STR is exactly the same way, with the "distance traveled" being proper time, except that the minus sign in the metric makes the trigonometry hyperbolic (γ = cosh θ). A insists on a particular notion of simultaneity, while B insists on another. Their duality of observing the other as dilated is not a contradiction because they're actually measuring completely different intervals.

 

[Singularitarian]

Let's take a step back. Special relativity is all about the space-time metric:
ds² = dx² + dy² + dz² - (c dt)²To transform from one inertial reference frame to another, we must preserve ds². The class of continuous transformations which do this are called Lorentz transformations. When we apply these transformations to an object, we can derive things like length contraction and time dilation, which are consequences of the Lorentz transformations. The Lorentz transformations are usually formulated in terms of a relative velocity between our initial reference frame and our final reference frame, and so are the length contraction and time dilation formulas. If we plug in c to our time dilation formula, it looks like time stops.

But we've actually skipped a step. What happens if we plug in c to our Lorentz transformations directly, and THEN see what we get? Well, we encounter a problem: if you try plugging in c for your relative velocities for the Lorentz transformations, you get a divide by zero. Which is undefined. So we cannot use the Lorentz transformations to change to a reference frame moving at the speed of light, and so the length contraction/time dilation equations derived from that are just not valid. Now, there are a number of ways of looking at that, but I think the simplest way to handle it is to simply conclude that a frame moving at c is not a valid inertial reference frame. This doesn't mean that nothing can move at c, it means that you cannot adopt it as a reference frame. So the question of what happens to time in the reference frame of the photon becomes meaningless.

But that's because there is no time, its hard to define any true frame. If everything around it is moving at the speed of light, then it is true distance disappears from the equations. From here, you can even justify it has no specific location, if there is no true distance from its frame. If failing to distinguish a frame, then the photon is not adiquately assigned a description, for the Lorentz Tranformformations must be consequentially true for a photon, if Einsteins special Relativity is to hold, unless you are of course, challenging his theory?

 

[Vorpal]

But that's because there is no time, its hard to define any true frame. If everything around it is moving at the speed of light, then it is true distance disappears from the equations. From here, you can even justify it has no specific location, if there is no true distance from its frame.
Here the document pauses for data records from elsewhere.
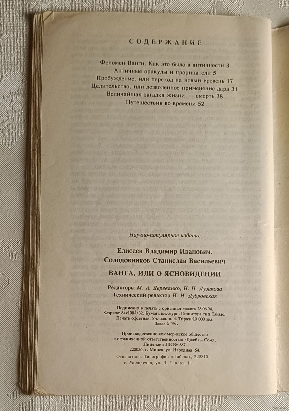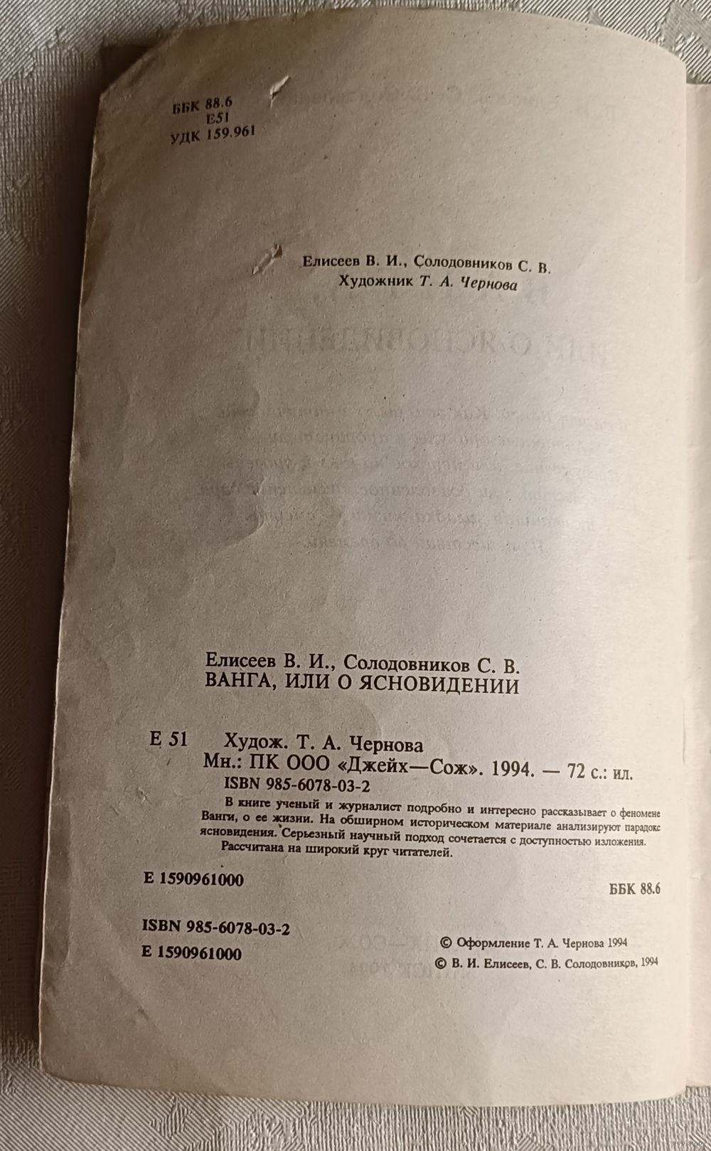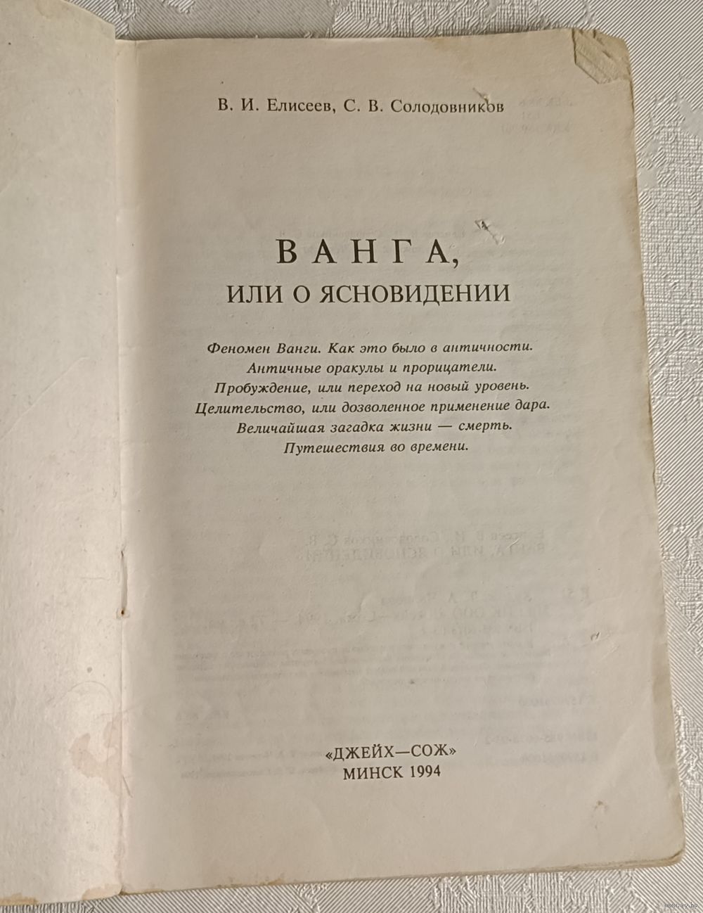 Ванга, или о ясновидении. Елисеев В. И., Солодовников С. В. Мн.: ПК ООО «Джейх-Сож». 1994. 72 с.: ил., мягкая обложка.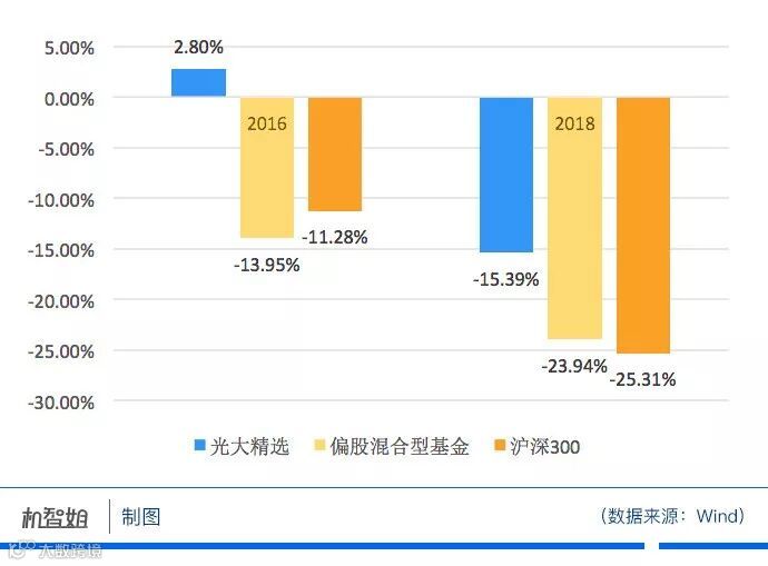 刚刚过去的2018年,沪深300跌幅25.31%,光大精选虽然收益也是负值,但在同类359只基金中排名第36。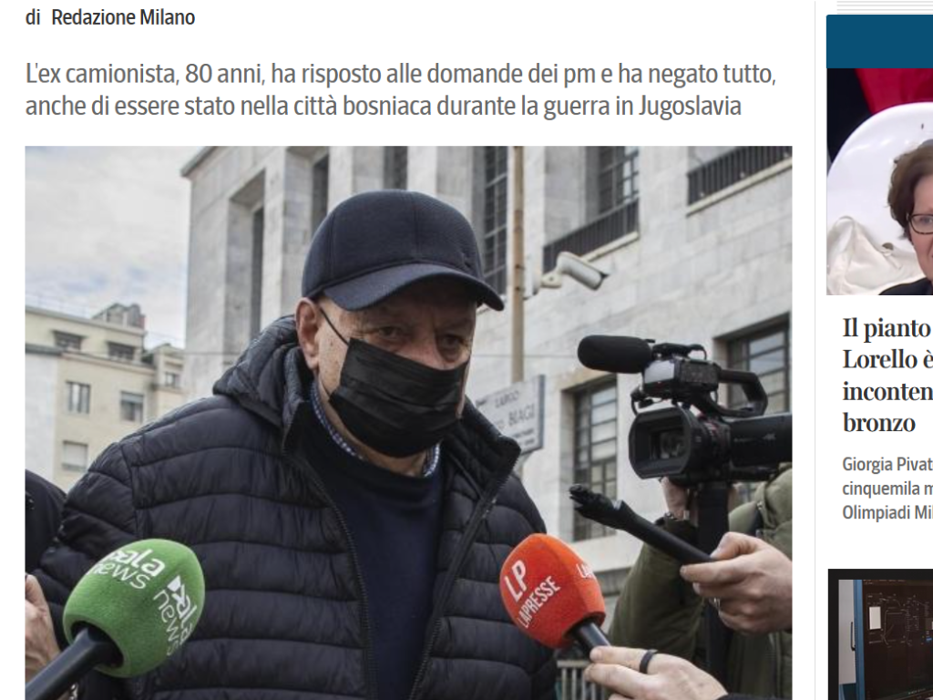 Inače, osamdesetogodišnji bivši vozač kamiona iz Italije saslušan je jučer pred tužiteljstvom u Milanu zbog sumnje da je tokom agresije na Bosnu i Hercegovinu učestvovao u monstruoznom “lovu na ljude” u opkoljenom Sarajevu.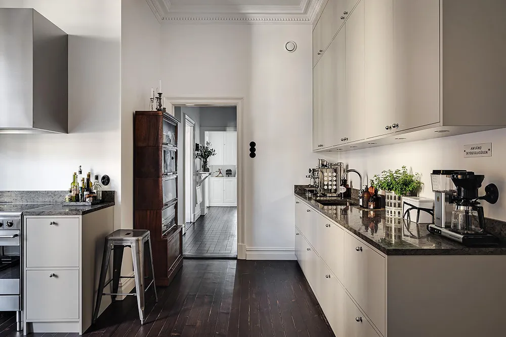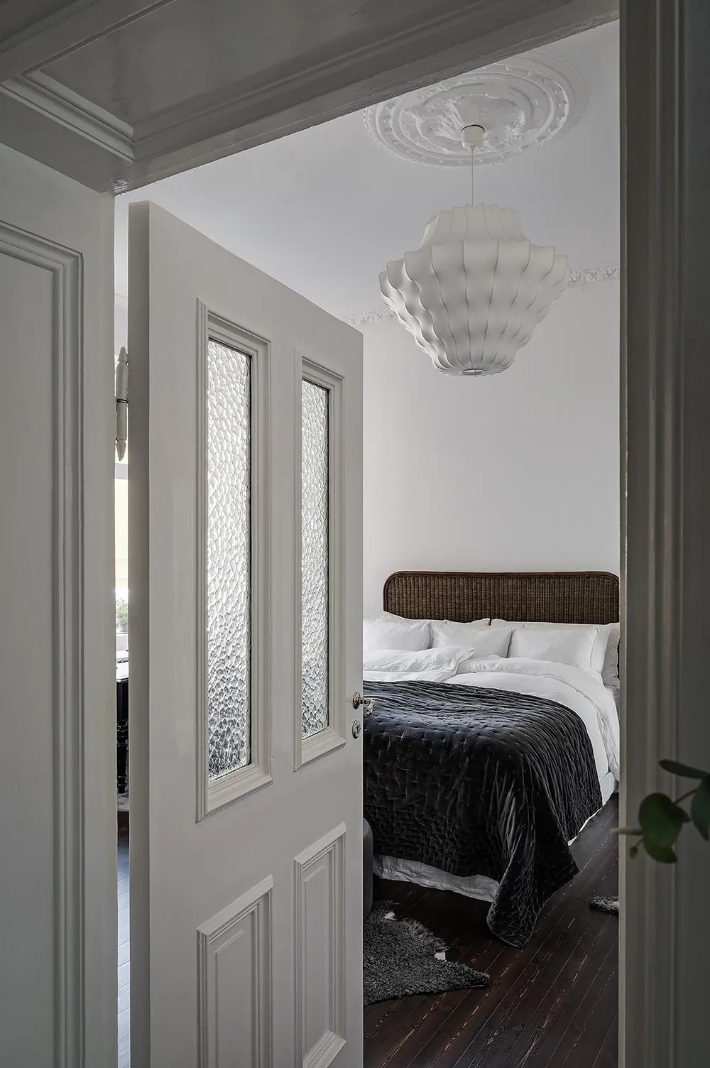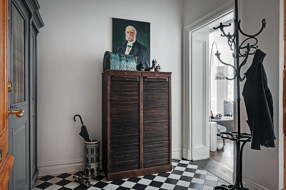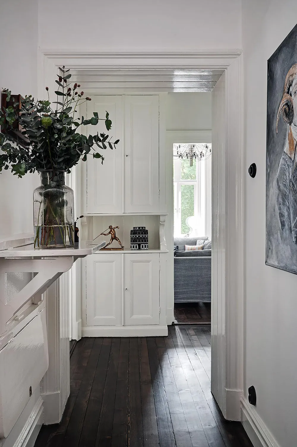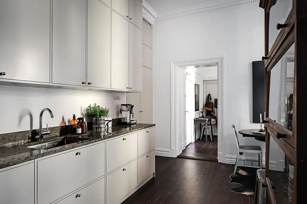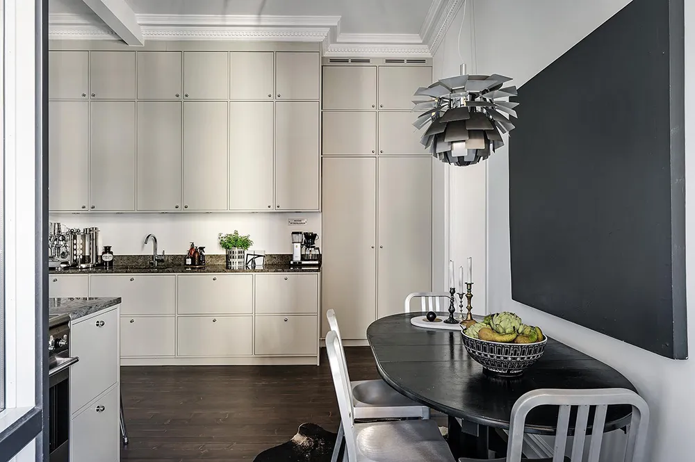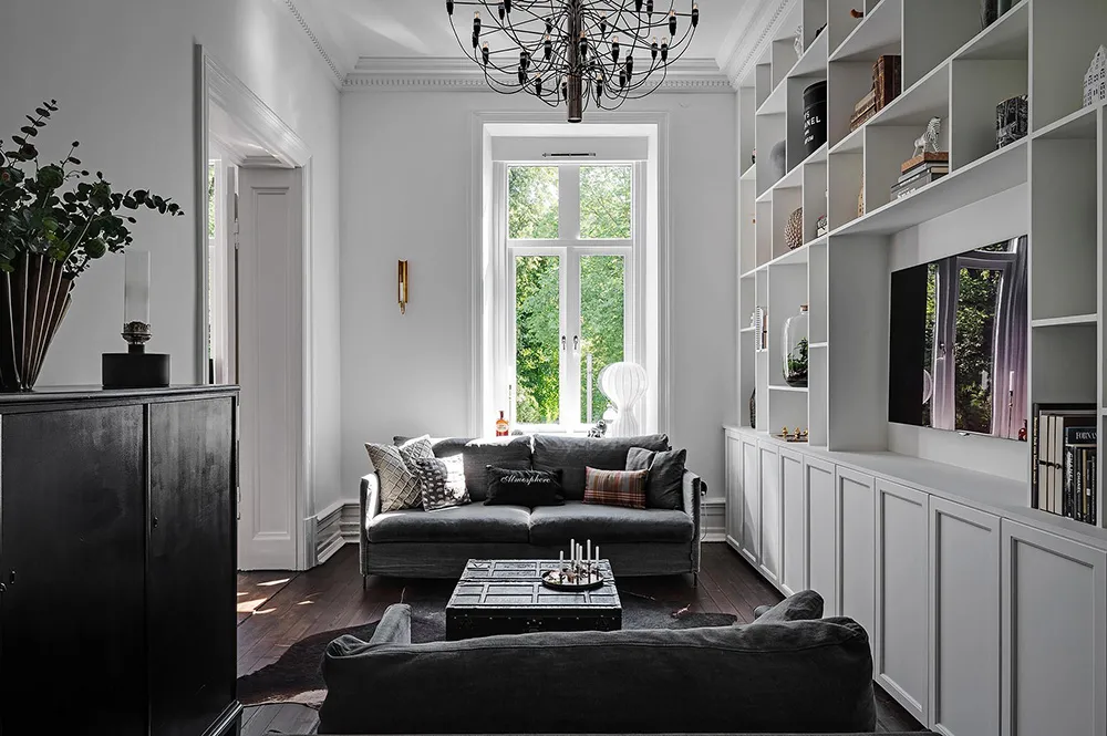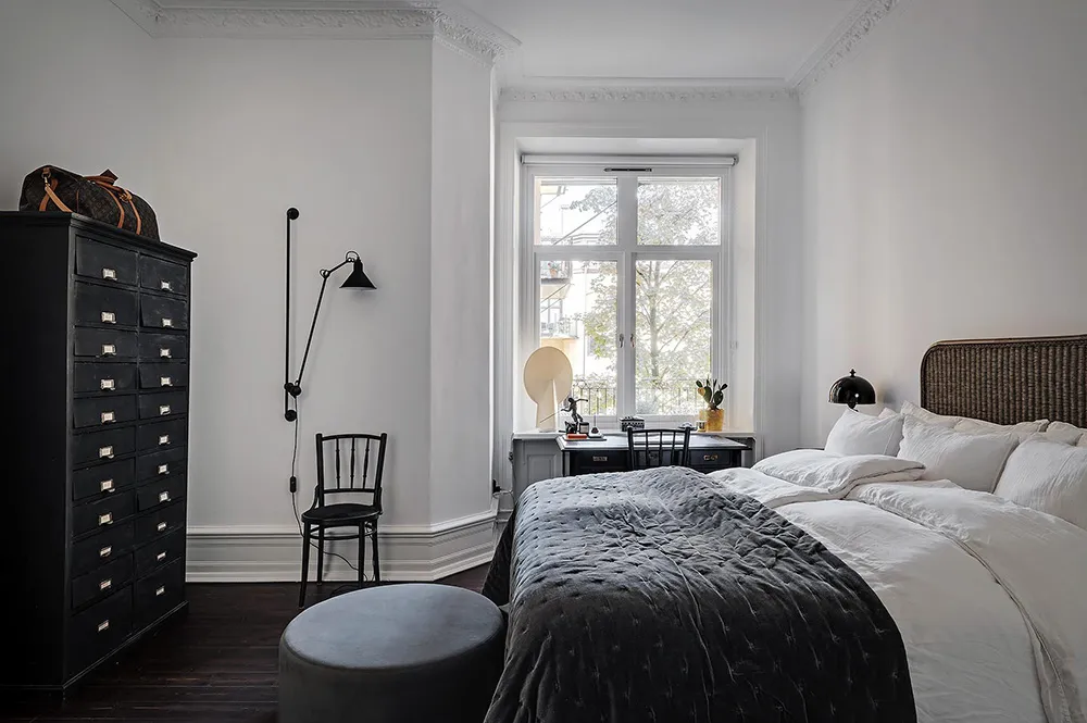 Ця шведська квартира атмосферою нагадує стильні апартаменти Парижа або Лондона — строга чорно-біла колористика надала класичному простору з молдингами та французьким паркетом сучасної елегантності.
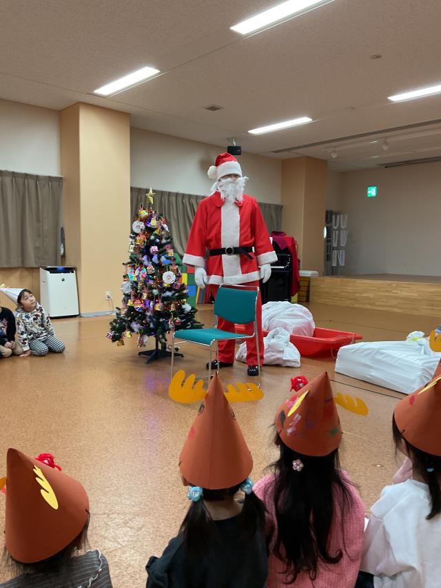 東栄保育園にサンタさんがプレゼントを届けに来てくれました。サンタさんの登場にびっくりしていましたが、プレゼントを見つけると「プレゼントだ!」ととても喜んでいました。その後はエプロンシアターやスケッチブックシアターを見て楽しみました。 |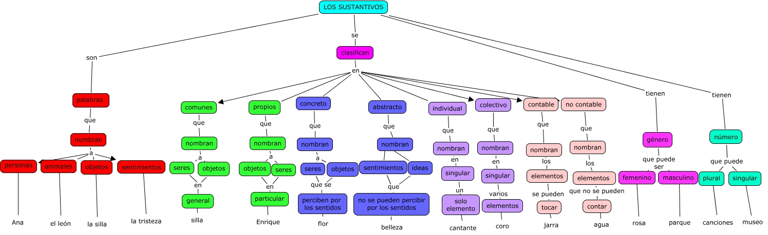 Este Cmap, tiene información relacionada con: sustantivos(Moisés,Carlos Daniel y Sandra), individual que nombran, nombran a objetos, género que puede ser femenino, elementos ???? coro, plural ???? canciones, nombran a objetos, LOS SUSTANTIVOS son palabras, seres en particular, ideas que no se pueden percibir por los sentidos, femenino ???? rosa, colectivo que nombran, particular ???? Enrique, clasifican en abstracto, sentimientos ???? la tristeza, objetos que se perciben por los sentidos, nombran en singular, nombran a animales, género que puede ser masculino, clasifican en no contable, clasifican en contable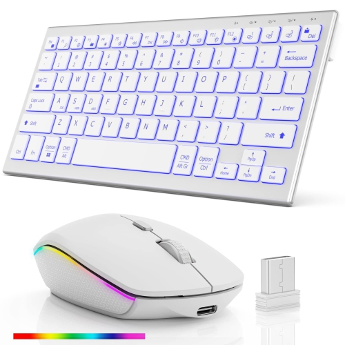 Clavier et souris sans fil rétroéclairés ultraminces Bluetooth 2,4 G rechargeable Ensemble de bureau ergonomique blanc

Why? It's not as if the universe is obligated to conform to a positive-definite metric structure. It'd be far stranger if that was the case, since then time and space would be indistinguishable (one gets exactly the same thing in Galilean spacetime--the null curves are different, but they're still there).

If failing to distinguish a frame, ...

I'm not sure how sticking to its principles and still being both logically and empirically consistent constitutes a failure. If the photon had a reference frame, that would be a direct contradiction to the postulate that lightspeed is invariant in all reference frames.

... then the photon is not adiquately assigned a description, for the Lorentz Tranformformations must be consequentially true for a photon, if Einsteins special Relativity is to hold, unless you are of course, challenging his theory?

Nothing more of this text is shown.